Home | About | Sematext search-lucene.com search-hadoop.com
 Search Hadoop and all its subprojects:

Switch to Threaded View
Accumulo, mail # user - Is there a method in the accumulo api to get the total bytes used and/or total key/value pairs for each tablet?


Copy link to this message
-
Re: Is there a method in the accumulo api to get the total bytes used and/or total key/value pairs for each tablet?
Keith Turner 2013-04-11, 13:50
On Thu, Apr 11, 2013 at 7:15 AM, Jeff Kubina <[EMAIL PROTECTED]> wrote:
> Is there a method in the accumulo api to get the total bytes used and/or
> total key/value pairs for each tablet?
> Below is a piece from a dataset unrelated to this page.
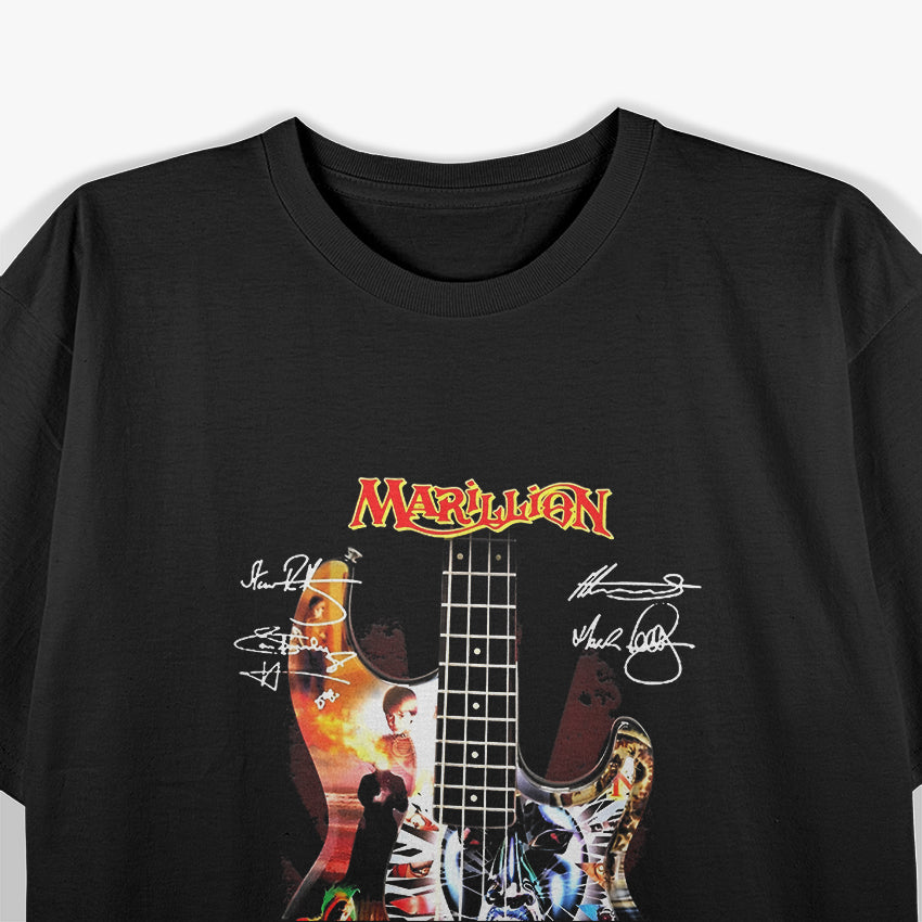 Classic retro design celebrating prog legends Marillion. Features a guitar signature look for fans of timeless progressive rock.

I believe I can get the total bytes
> used per tablet using HDFS file size calls on the tables directory, but what
> about the total key/value pairs for each tablet?
>

Jeff,

You can scan the metadata table to get this info.  A few pointers :

 * call Connector.tableOperations().tableIdMap() to convert your table
name to table id
 * do "new org.apache.accumulo.core.data.KeyExtent(Text, Text, Text)"
to create a KeyExtent that represents the tablet you are interested
in.
 * call KeyExtent.toMetaDataRange() to get a range to scan the metadata table
 * add the column
org.apache.accumulo.core.Constants.METADATA_DATAFILE_COLUMN_FAMILY to
the metadata table scanner
 * take the value from this scan and create a
org.apache.accumulo.core.util.MetadataTable.DataFileValue object, that
will have info you need

This file data in the metadata table may be an estimate or not
present.    In the case of a split, the children of the split have
estimated file sizes.  The sum of the childrens info is correct until
one of them compacts.  For bulk imported files, there is no info about
file size or #entries.   After a tablet is compacted, all of this info
will be correct.   You could call Connector.tableOperations.compact()
passing in a range that will compact just the tablet you want stats
about.

Keith